Lately, I have been studying QM more deeply and I just discovered how many important subtleties the 'well-known' particle in an infinite potential well hides, which are precious for extending knowledge on the subject.
I know there are a lot of interesting questions about quantum mechanics on finite real interval on this website (I think I have read all of them), nevertheless, there are some puzzling aspects that I would like to address.
In ordinary QM, i.e. on the whole real line $\mathbb{R}$, we are able to make the uncertainty $\Delta p$ in momentum arbitrarily small, asymptotically going to zero.
Consequently, the initial wave function will approach (asymptotically, again) a plane wave.
This is always true, even if the plane waves do not belong to the Hilbert space, nor to the domain of the operator $[\hat{x},\hat{p}]$, where $\hat{x}$ is the usual position operator.
Now, when we are dealing with a particle in an infinity square well, that is with a QM implemented on a finite interval of the real line, a straightforward and maybe naive calculation shows the following:
$$ \Delta x \Delta p \geq \hbar/2 \Rightarrow \Delta p^{min}\geq \frac{\hbar}{2 \Delta x^{max}}= \frac{\hbar}{2L}$$
where $L$ is the length of the interval on which our particle lives.
This seems to suggest that there is a minimum value for the uncertainty $\Delta p$ in momentum and hence that it is not possible to make $\Delta p$ arbitrarily small.
The existence of eigenstates of the momentum operator $\hat{p}$ (which must be defined carefully in order to be self-adjoint, see e.g. What's the deal with momentum in the infinite square well?)
does not help, in my opinion.
Indeed these eigenstates violate the uncertainty principle and do not belong to the domain of the commutator $[\hat{x},\hat{p}]$ (see e.g. from here: How can I solve this quantum mechanical "paradox"?).
This can be regarded as something similar to what happens when the configuration space is the whole real line (the "ordinary" plane waves do not belong to the physical Hilbert space, as said above), nevertheless while in this case we can approach asymptotically the plane waves, that is the states with $\Delta p =0 $, in the "compact" case this is not possible anymore if it is true that our physical states can reach a finite value, different from zero, of $\Delta p$.
Hence my questions:
is all of this correct?
If so, should not this mean that $p-representation$ is not available in this case?

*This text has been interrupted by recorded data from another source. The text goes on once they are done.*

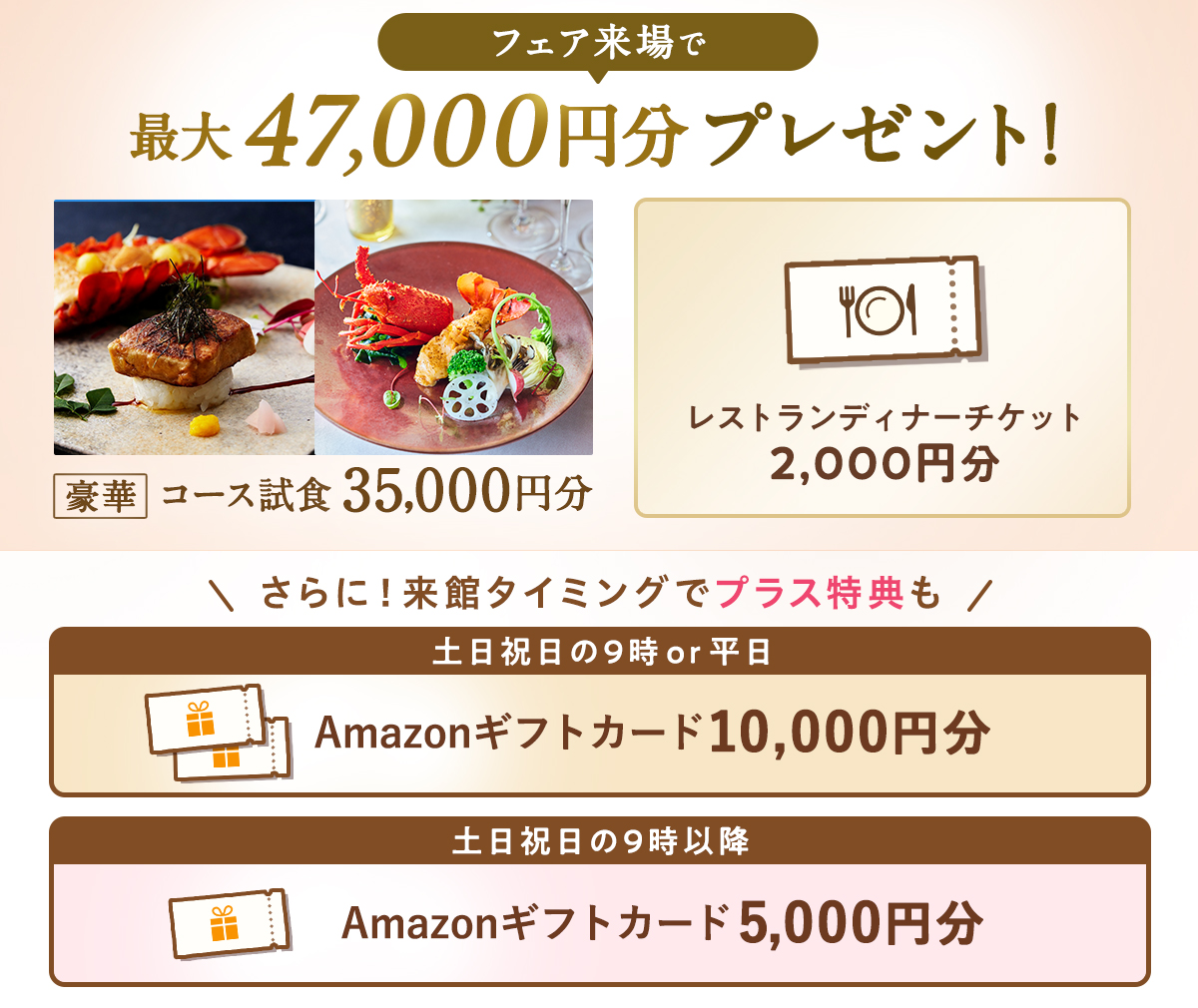 フェア参加で35,000円相当の豪華コース試食の他、レストランランチチケットやディナーチケットもプレゼント♡そして、ご来館のタイミングでAmazonギフトを最大10,000円分貰えて、フェア参加だけで最大47,000円分の特典が貰えちゃう♪
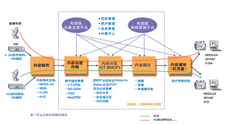 奔流(RollingStream)系統(tǒng)為IPTV業(yè)務(wù)提供了端到端的業(yè)務(wù)解決方案,先進的系統(tǒng)架構(gòu)對Codec完全透明,可透明支持AVS,如下圖。奔流(RollingStream)系統(tǒng)包括內(nèi)容制作、內(nèi)容存儲/加密、內(nèi)容分發(fā)、內(nèi)容播放、終端顯示的各個方面,都可提供基于電信級的解決方案。
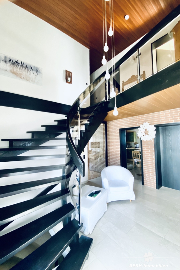 Bereits beim Betreten empfängt Sie ein weitläufiger Eingangsbereich mit luftiger Raumhöhe und einer elegant geschwungenen Treppe aus hochwertigem Eschenholz, die in die oberen Ebenen führt.
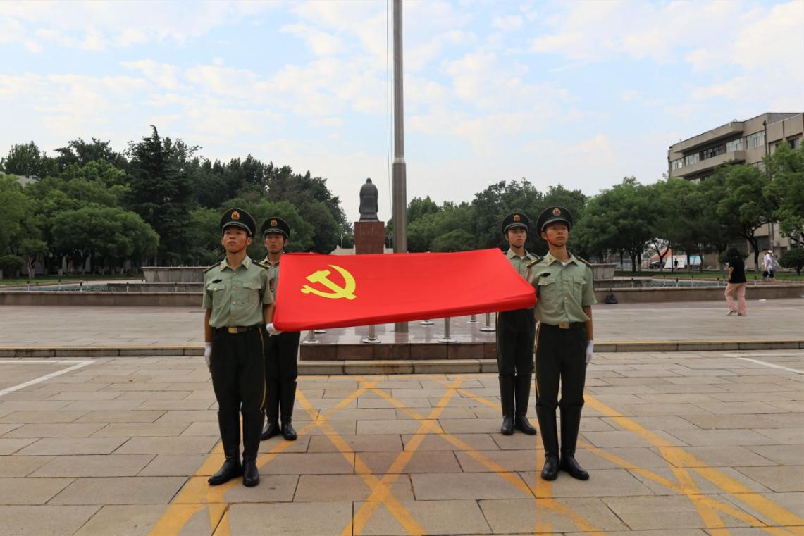 随后在升旗仪式中,目睹着五星红旗冉冉升起,党员们在孔子文化广场面对国旗行注目礼并合唱国歌,深怀着对祖国无限的热爱和崇高的敬意。
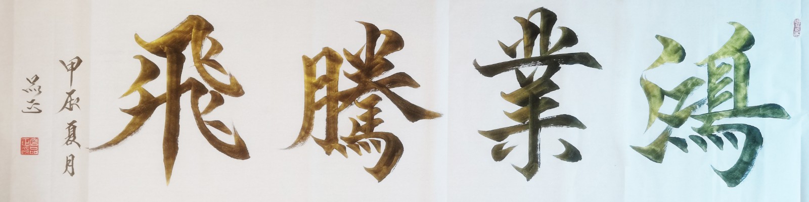 詹品正的作品往往能够传递出真挚的情感与独特的个性。无论是《雅趣》中的闲适洒脱,还是《海纳百川》中的博大胸怀,亦或是《宝地生金》中的吉祥祝愿,都让人感受到作者创作时的情感投入与精神境界。这种“以情入书、书以载情”的创作方式,使他的作品具有打动人心的艺术力量。
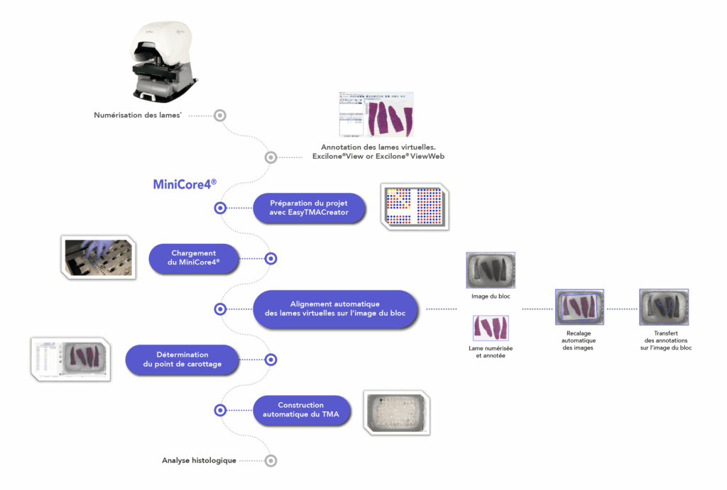 MiniCore®4 simplifie fortement les opérations en automatisant la construction des Tissue Micro-Arrays. Le logiciel MiniCore®4 affiche toutes les informations en temps réel. Il réalise la superposition et le recalage automatique de lames virtuelles annotées sur l’image des blocs donneurs grâce à l’intelligence artificielle, ce qui permet une sélection des zones de carottage très précise.
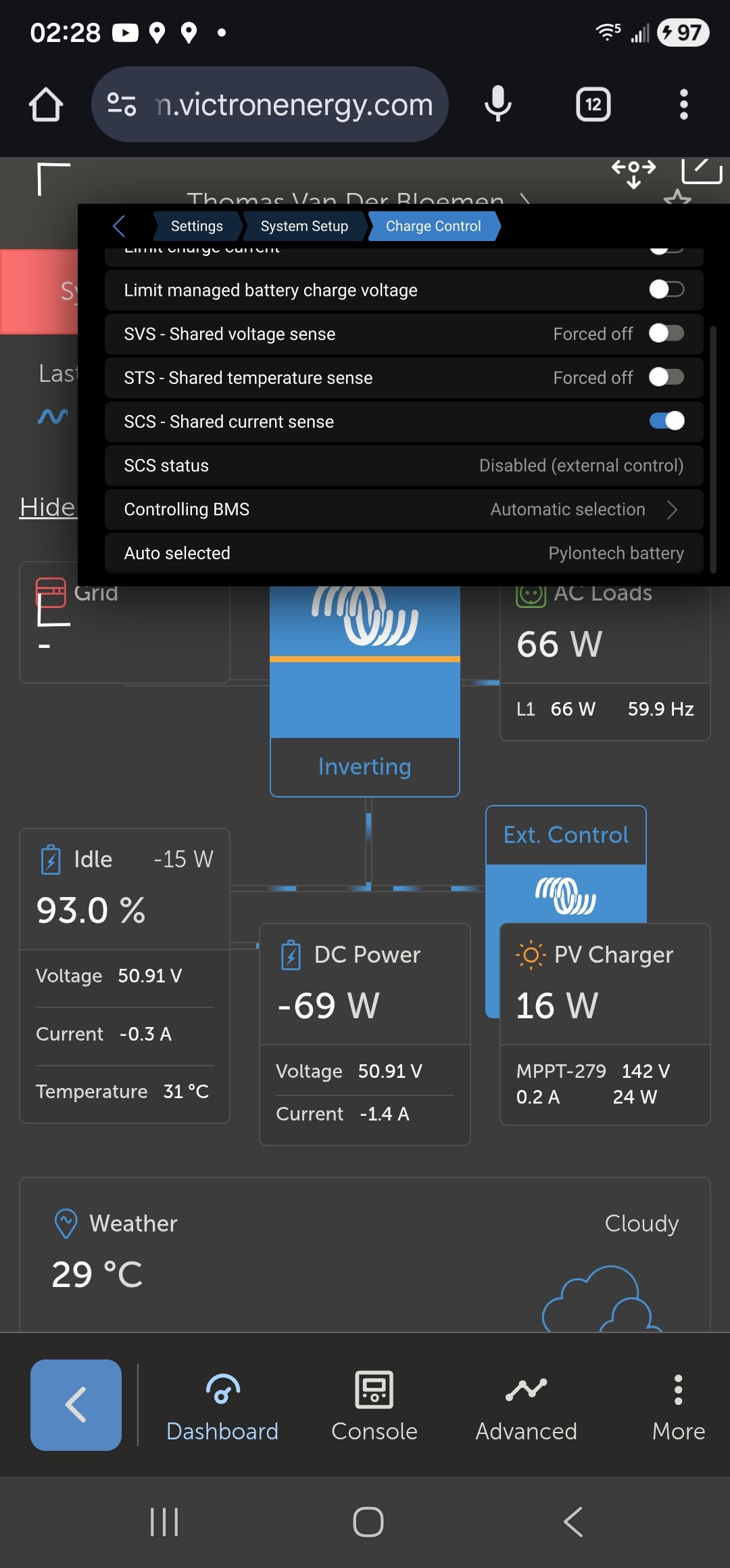 Ah wait, DVCC should already be “Forced On” with Pylontech - then just make sure, that the Pylontech is selected as “Controlling BMS”. Default is “Auto”, may for whatever reason pick another Battery Monitor for control.

If not, what is wrong with this argument?
Thank you all in advance.
Best Answer
As long as you define $\hat p$ as a self-adjoint operator, the spectral theorem applies, so you do have a $p-$representation. In the square well, the usual definition of $\hat p$ is $-i\partial_x$ on $\mathcal C^1$ spatial wavefunctions satisfying periodic boundary conditions and makes it essentially self-adjoint. You can check that the usual Fourier basis used in Fourier series is a complete eigenbasis of $\hat p$, so you do have a $p-$representation.
Your analysis falls down because the uncertainty principle fails, especially on the $\hat p$ eigenvectors. This may seem counterintuitive because the commutator is still the same and $\Delta x,\Delta p$ are well-defined, so the formal proof you must know should hold. The problem, as always, is domain issues, here because $\hat x |p\rangle$ ($|p\rangle$ is an $\hat p$ eignevector of eigenvalue $p$) is not in the domain of $\hat p$ (no periodic boundary conditions). For the uncertainty principle to work on looser domain assumptions, the exponentiated version must hold. This is no the case here, as $e^{is\hat p}$ is not your usual translation operator, but makes the wavefunction loop back due to the choice of the domain.
For more information, check out Quantum Theory for Mathematicians by BC Hall, which includes the above argument in more detail.
Of course, your reasoning works if you place yourself now on the entire line, but I think you weren't interested in this loophole. In this case, the Heisenberg uncertainty holds, and you extend the wavefunctions to the entire line with $1_{[-L/2,L/2]}$. It is pretty obvious that restricted by this constraint, you can never approach asympotically plane waves, so no $p-$resolution. In particular, our previous eigenvectors become $sinc$ functions in momentum space, so $\Delta p=\infty$.
Hope this helps and tell me if you find some mistakes.